▶ **SUPPLIED DATA**
^^^^^^^^^^^^^^^^
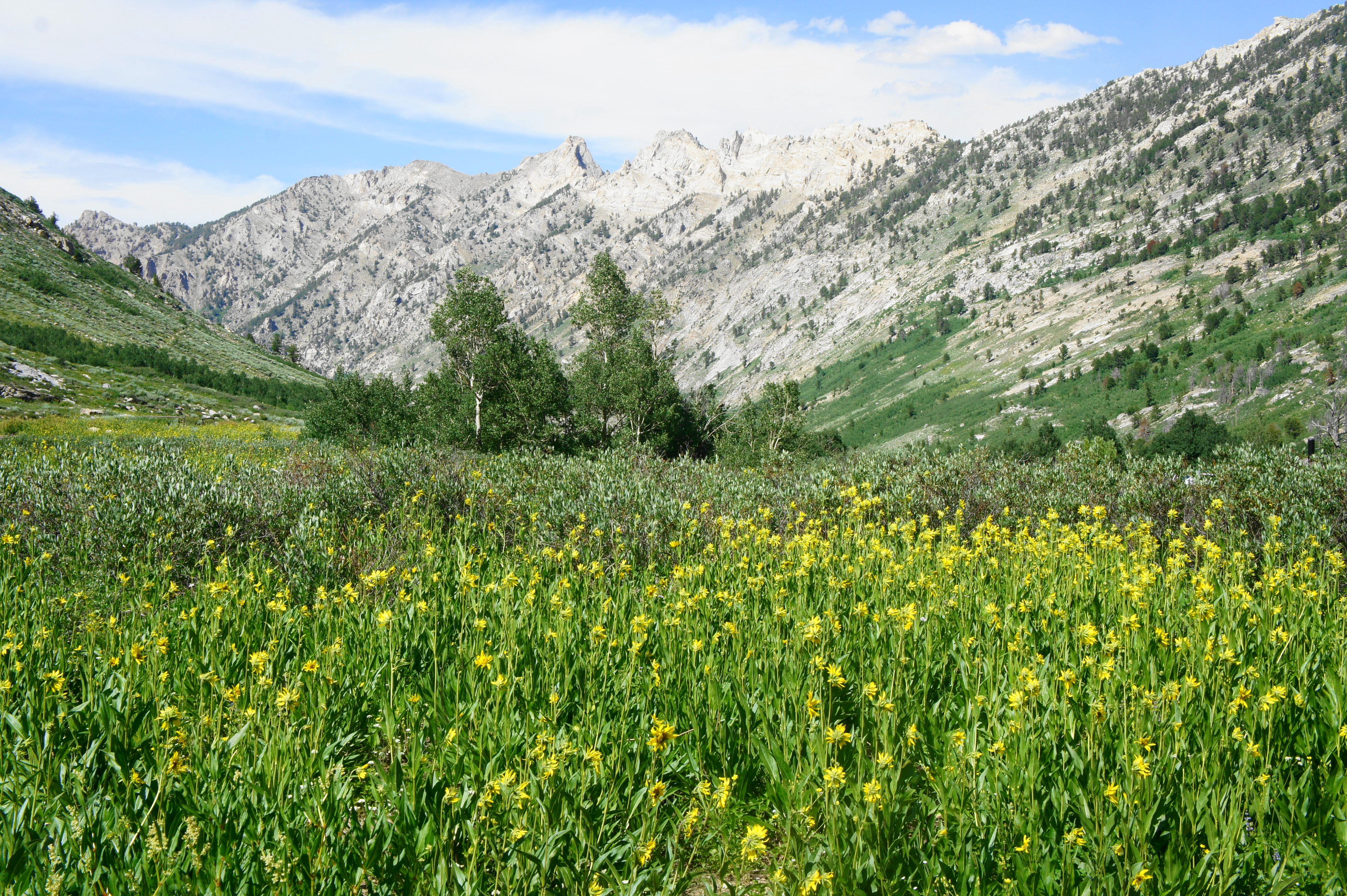 After passing through an initial field of wildflowers, the Ruby Crest Trail crosses a fork of Lamoille Creek, then enters a patch of woods with the main stream on the left. Rocky outcrops begin to replace the grassy patches, and hikers encounter a second stream crossing at about 4/10 mile. As the trail steadily ascends, brief breaks in the woods offer views of the high peaks to the west.
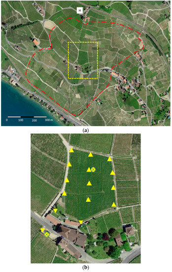 The field measurements were carried out on 7 June 2018, between 11:00 a.m. and 1:00 p.m., during the skimmed milk treatment of a vineyard located in the Lavaux region (canton of Vaud, Switzerland, 46°29′57.8″ N 6°42′23.5″ E). The treated area is shown in Figure 1a. This region is very steep, which makes access to vehicles in the vineyards difficult and makes treatment by helicopter attractive despite its cost. Treatment of the area took about 2 h, during which time the helicopter treated about 50 hectares, flying back and forth between the treated vineyards and the refill area (marked H on the map). The helicopter used on the day of the treatment was a AS350 B2 (Airbus Helicopters, France).
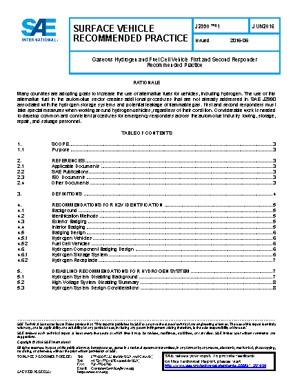 The electrical hazards associated with the high voltage systems of hybrid-electric vehicles and FCVs are already addressed in the parent document, SAE J2990. This Recommended Practice therefore addresses electric issues by reference to SAE J2990 and supplements SAE J2990 to address the potential consequences associated with hydrogen vehicle incidents and suggest common procedures to help protect emergency responders, tow and/or recovery, storage, repair, and salvage personnel after an incident has occurred. Industry design standards and tools were studied and where appropriate, suggested for responsible organizations to implement.
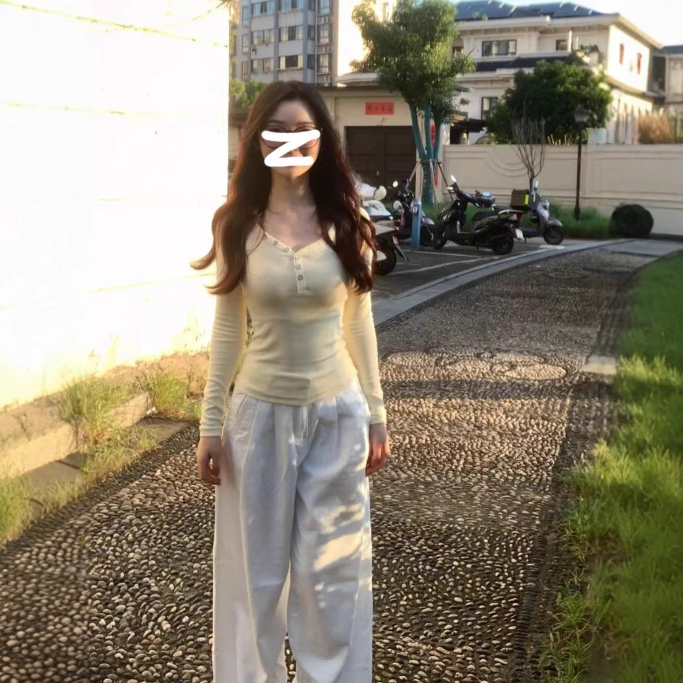 甜辣V领纽扣设计感小众长袖T恤女2025秋季正肩修身显瘦打底衫上衣
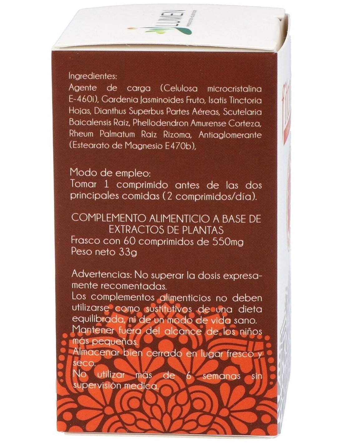 Gardenia Jasminoides (frutos), Coptis chinensis (rizoma), Lophatherum Gracile (herba), Scutellaria Baicalensis (raíz), Phellodendron amurense (córtex), Rheum palmatum (raíz y rizoma).
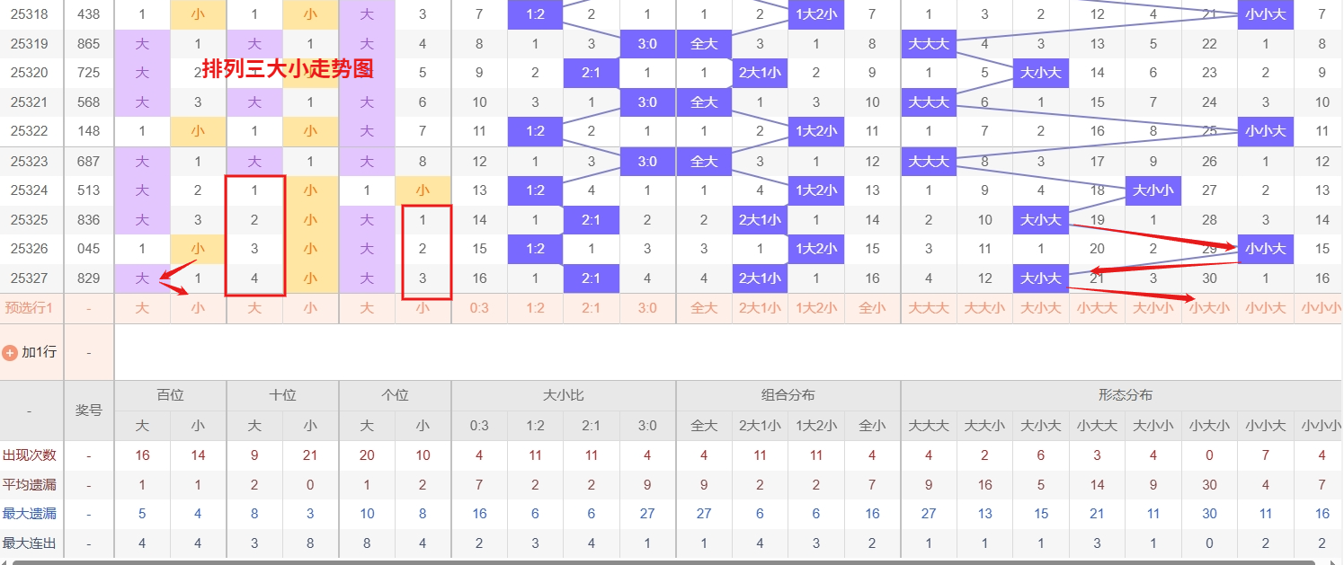 排列三 大小形态分析:从大小走势图上可以看出排列三100期内百位大小比约为52比48,十位大小比约为47:53,个位大小比约为54比46,除了个位和百位奇数比偶数多,十位是偶数比奇数多。历史数据近2期开出大小大下一期的走势为,第247期开出大小大第248期开小大大。第276期开出大小大后第277期开大大小,第284期开出大小大后285期开小大小。近期排列三大小走势分析,“小大小”与“小大大”这两种形态均已遗漏较长时间,其中“小大小”更已连续30期未出,进入深度冷态区间,形成显著的回补压力。历史规律表明,大小形态在经历长期遗漏后,往往会出现周期性反弹,尤其当某一形态达到极端遗漏值时,其解冻概率会明显上升。目前整体大小走势虽由其他热门形态主导,但冷态蓄积的能量也在不断增强,短期内需密切关注“小大小”与“小大大”可能出现的技术性回补。所以排列三第2025328期大小形态推荐小大大防小大小。
^^^^^^^^^^^^^^^^
▶ **WHAT YOU WILL DO**
Reproduce the data above exactly, but only from the line containing "甜辣V领纽扣设计感小众长袖T恤女2025秋季正肩修身显瘦打底衫上衣" through the line containing "Gardenia Jasminoides (frutos), Coptis". Omit all pictures.

▶ **RESULT OF THIS EXERCISE**
 甜辣V领纽扣设计感小众长袖T恤女2025秋季正肩修身显瘦打底衫上衣
 Gardenia Jasminoides (frutos), Coptis chinensis (rizoma), Lophatherum Gracile (herba), Scutellaria Baicalensis (raíz), Phellodendron amurense (córtex), Rheum palmatum (raíz y rizoma).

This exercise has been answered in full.